Pakistan adopts drug barcode

Two D barcode has become mandatory in Pakistan for drug packs.

Back in February the Supreme Court had ordered the implementation of this new technology granting all concerned companies 3 months to implement all necessary measures to comply with the new obligation.

The barcode shall be included on the secondary packaging as well as on the immediate packaging (e.g. containers and bottles). This measure regards medicinal products for human use (including biologicals) as well as veterinary products.

Australia and UK seek trade agreement

The Australian government is looking for a new trade agreement with United Kingdom, in view of the future exit of UK from the European Union, which could mean new opportunities for investments for the former and a return to direct negotiations for the latter.

For the moment there were only unofficial talks, but both countries set up working groups, with meeting involving Prime Ministers as well. The agreement will focus on different aspects of the economy and industry of the two countries, such as pharmaceuticals, health and science.

A future deal could represent a great opportunity for the two countries, that could also involve a regulatory mutual recognition and more cooperation on investments, intellectual property, research and tax policies.

AIFA publishes new Pharmacovigilance FAQs

The Italian Medicine Agency has published a new FAQ document on the management of reports in the National Pharmacovigilance Network (RNF) to provide practical indications to pharmacovigilance responsible persons and facilitate the inclusion of the information reported in the ADR sheet and the performance of pharmacovigilance activities in the light of the changes following the provisions on the simplified electronic reporting of suspected adverse reactions.

In particular, the MAs are no more bound to ADRs reporting to local Pharmacovigilance responsible persons of the reporters’ health facilities or directly to the RNF, but they have to transmit them directly to the EudraVigilance, that will forward them to the RNF via “re-routing”.

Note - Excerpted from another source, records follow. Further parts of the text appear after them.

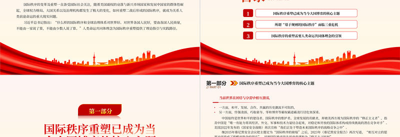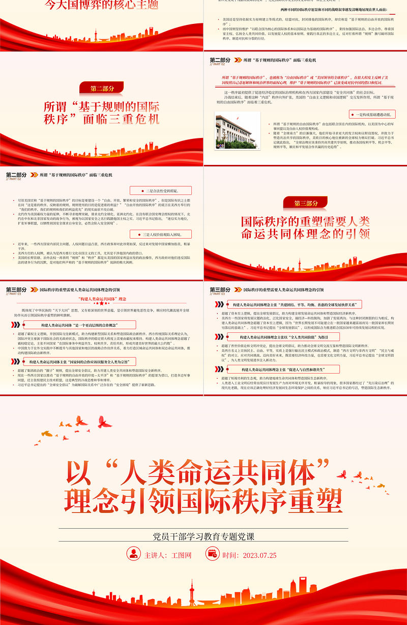 2023以“人類命運共同體”理念引領國際秩序重塑PPT大氣精美風黨員干部學習教育專題黨課課件 Array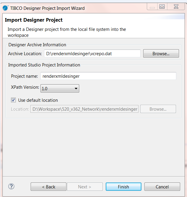 In the Archive Location field, browse to the location of the TIBCO Designer project and select its EAR file or its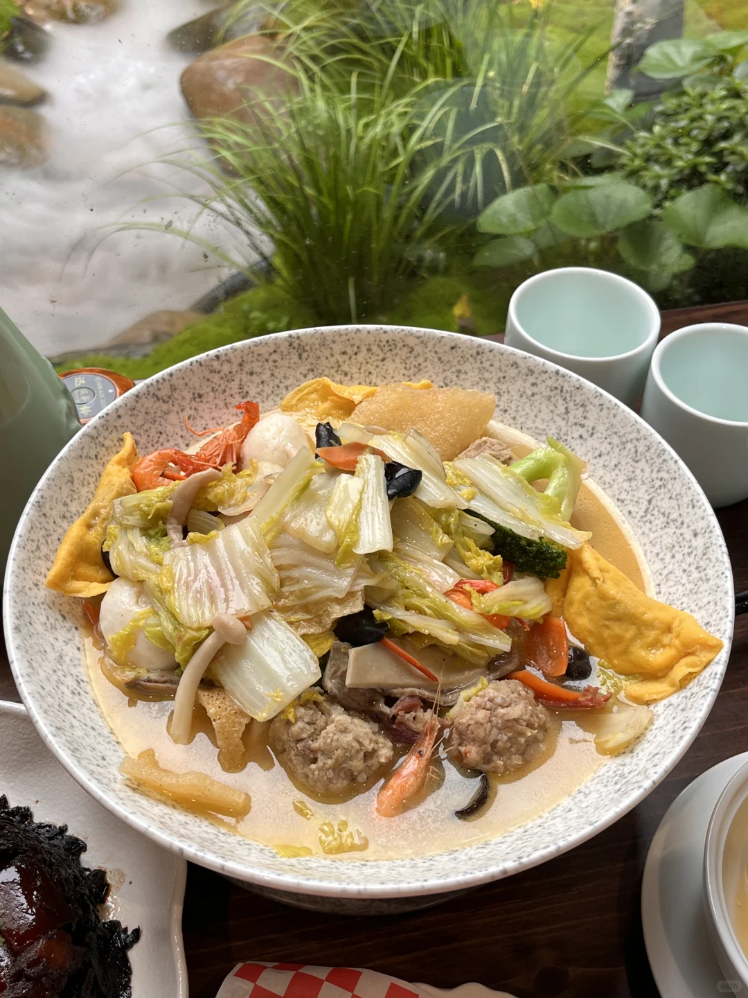 真的巨好的环境巨便宜😭😭 人均80左右吃正餐,下午茶喝咖啡才20一杯 就在阳明故里门口 店内店外景观都超级棒 穿新中式去拍照打卡适配度满分 餐厅外是西小路的自然景色,水乡江南 老街旧巷 青砖灰瓦,还有像油墨一样顺滑的河水 餐厅内的造景也很美,像搬了一座绿色的庭院进来。 本来以为可能是私宴餐厅,没想到走的是平民价格。 安利给来绍兴旅游的每一个人! 看水看桥看古镇来绍兴,而绍兴的江南在西小路。

The reporting of suspected ADRs by patients and/or health operators remain unvaried.

New use safety regulation for plant protection products

The Italian Ministry of Health has published Decree no. 33 of 22nd January 2018 (Regulation on the measures and requirements of plant protection products for a safe use by non professional users) on the Official Journal.

The decree includes the measures and requirements of plant protection products to prevent dangerous handling and ensure safe use by non professional users (the same user and all people that may come into direct or indirect contact with these products), during use or domestic storage. The decree also defines the requirements for the marketing and sale of these products.

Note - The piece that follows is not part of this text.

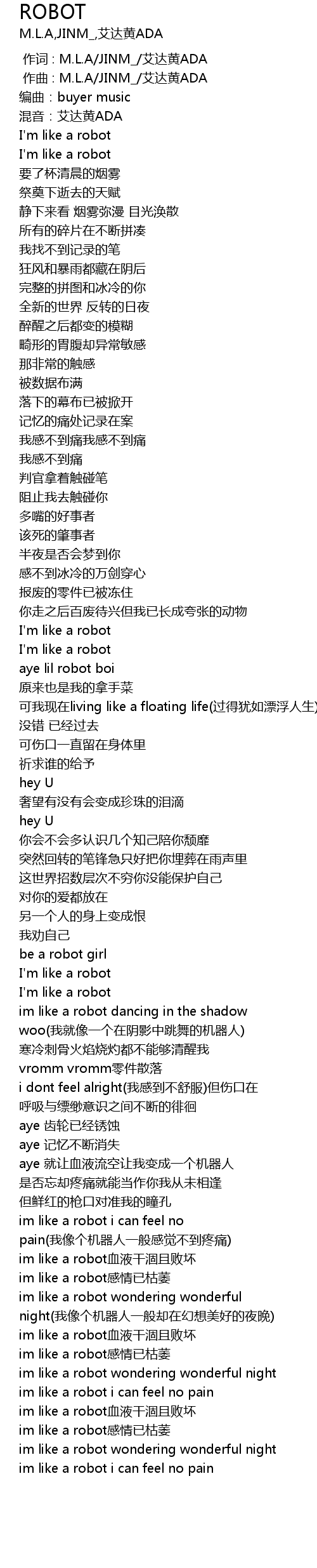 | [02:33.668] | im like a robot i can feel no pain wǒ xiàng gè jī qì rén yì bān gǎn jué bú dào téng tòng |
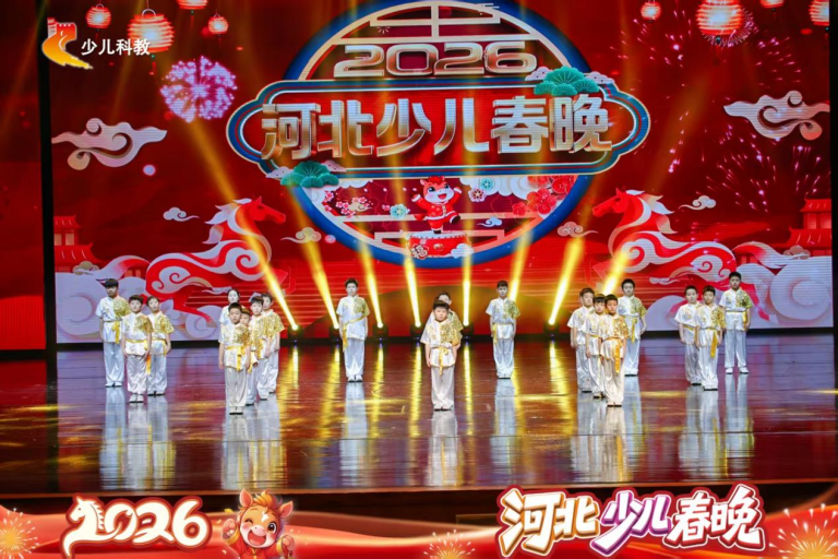为弘扬中华传统武术文化,展示我县青少年昂扬向上的精神风貌,受河北电视台少儿科教频道邀请,我中心武术部在王新洋总教练的带领下,于2026年1月18日,赴衡水保利大剧院参加了该频道“新春贺岁”系列节目的录制工作。本次录制旨在为全省青少年观众呈现一场充满活力与传统文化韵味的武术表演,送上新春的祝福。

Products complying with the decree and authorised for non professional use shall include the following wording on the label: “plant protection product intended for non professional users”. These products shall also include the acronyms PFnPO (for products to be used on ornamental plants in apartments, balconies and domestic gardens, and for the weeding of specific areas inside domestic gardens) or PFnPE (for products to be used on edible plants, intended for food consumption as whole plant or some of its parts and for the weeding of specific areas inside the cultivated area). The labels shall also include the crops and the further fields of use which the product is authorized for.

New OsSC platform

A new platform is about to be set up for the Italian monitoring body on drug clinical trials (Osservatorio Nazionale sulla Sperimentazione Clinica dei Farmaci – OsSC) and the Italian Medicine Agency has informed some useful information to all users.

In particular, the new OsSC platform requires that the PCs used for the access are equipped with a Smart Card for the signature including the relevant certificate, a Java Virtual Machine version 1.8x and a Browser Firefox ESR for the digital signature. However, it will be possible to navigate the system also with all other main browsers (except for Internet Explorer) and not for the digital signature.

The new platform will be released after 16th May.

US prepares for unique code for devices

The US Regulatory Agency FDA is preparing all the required information in view of the adoption of the unique code for medical devices and the relevant database (GUDID – Unique Device Identification Database).

The information to be published within summer, will support the registrations of medical devices. The US Agency has recommended that companies check the data to be included in the GUDID contain all the registration numbers required and that he name of the devices in the database are complete.

As for the timetable, the database should be ready for next May, but registrants must control all data before it becomes public.

EMA redistributes UK DCP portfolio

In view of the Brexit, the European Medicine Agency has redistributed the portfolio of the medicinal product for human and veterinary use authorized at central level sharing more than 350 products currently managed by British agencies to rapporteurs and co-rapporteurs of other countries.

At the moment, the staff of the British regulatory Agency (MHRA) and Veterinary Medicines Directorate (VMD) have a leading role in the assessments and processes related to the European Centralized Procedure, however after Brexit it will be no more possible for them to cover such role. The products have been therefore re-assigned to other 27 Member States and to Island and Norway, who took full responsibility of the products starting from last 30 March.